This book has flabbergasted me in a REALLY GOOD way.

Okay, obligatory general info before we get into specifics:

This story is one of survival, intrigue, and deceit. Our main character is Neema, a brilliant but awkward and unconfident Raven Scholar. She is helping to plan the ritual contest that will decide the next emperor when one of the contenders for the throne turns up murdered. Right away, Neema's life is turned upside-down. The palace is full of old friends and old enemies, but is there anyone she can really trust?

The worldbuilding is founded on the Eight, divine beings in the guise of animals among which each person, when they reach adulthood, chooses a guardian to follow. The different sects of these guardians have different traditions, powers and skills, and worldviews. I've seen this sort of religious/magic system done before in other books, and I've never been that impressed with it until now.

For this book we're looking at part murder mystery, full of deadly court intrigue. Part "ritual games for extremely high stakes" adventure. Part epic fantasy of gods, monsters, and ambition.

All right, now let's get into it:

So, this book does a lot of things on the fiction author's no-no list, to the extent that when I started the book I suspected I might end up DNFing it. However, it somehow ends up PULLING THEM ALL OFF in a way that is AWESOME. How??? We just don't know. One more data point in favor of the principal that you can do anything in fiction no matter how weird or ill-advised as long as you're good at it. Execution is everything.

  • Info dumps and flashbacks. At the beginning especially there are a lot of long sections where the POV character will interrupt their own thoughts to explain some point of worldbuilding, or jump back to an extended long-ago memory. This is quite common, but the extent to which it was happening annoyed me at first.

  • LONG PROLOGUE. I went into this book relatively blind, and the prologue was so long (though high-stakes and interesting) that I genuinely didn't even realize it was a prologue. Then we finally met Neema (at the 7% mark - I went back to check) and I was kind of miffed and taken aback. What about the people I had already spent 7% of the book getting invested in?!?

  • Wishy-washy point of view. There are several POVs in the book, which is not unusual. However, the way that the POV slides back and forth nebulously, sometimes more than once in a single scene, is usually either a) a facet of third person omniscient perspective OR b) the habit of an amateur, novice writer. This book is neither. It struck me as strange at first, but wasn't jarring or distracting the way it is when it's done due to inexperience. Then, midway through the book, it starts to make sense as the in-world REASON for this semi-omniscience begins to show itself...

  •  Similar to the previous point, sprinkled generously through the book are some rhetorical flourishes that address the reader. "Let us wing our way to the Raven Palace" type of fourth-wall breaking narration that would be much more common in literature from the 1800s. At first this struck me as odd and not particularly welcome, but again, like the POV-shifting, it becomes much more natural and even necessary as you continue reading.

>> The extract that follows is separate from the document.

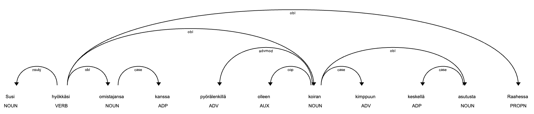 doc = nlp("Susi hyökkäsi omistajansa kanssa pyörälenkillä "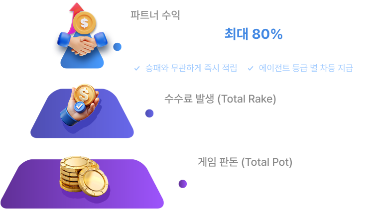 유저가 돈을 따도 파트너 수익은 줄지 않습니다. 오직 수수료를 쉐어하며, 게임이 돌아가는 만큼 귀사의 수익은 계속 누적됩니다.

It might seem like I just wrote four paragraphs of negative things, but the thing is, they're NOT negative. They should be! They almost always would be, in other books! But in The Raven Scholar, the info dumps don't grate. The long prologue is not only gripping but deeply necessary for the rest of the story. The unusual and counterintuitive stylistic choices strike your notice at first, but rapidly become part of the effortless, skillful weave of the story. The worldbuilding, which could be lackluster if handled differently, quickly starts to take on a life of its own.

The point is, this is CRAFT. I am deeply impressed by the skill displayed by Antonia Hodgson to pull all of this off so shockingly well.

And it's not only the writing choices. After I reached the point where the central murder happened, the story itself kept me absolutely GLUED to the turning pages. Neema is both sympathetic and unlikable, determined but fearful, and I couldn't help but root for her. Having a murder investigation and a multi-day deadly contest plotline going at the same time meant that there was never a chance to be bored. The intrigue and maneuver kept me guessing, and there were no less than three places in the book where a plot twist reveal had me yelling "WHAT" at my phone.

Several things that seemed badly characterized or questionable at first (Cain's disapproval of Neema's choice to write the exile order, Bersun's choice to make Ruko responsible for his sister's sentence) turned out to actually make perfect sense when more was revealed. The only thing I still don't quite believe is Benna's backstory. It seems unrealistic.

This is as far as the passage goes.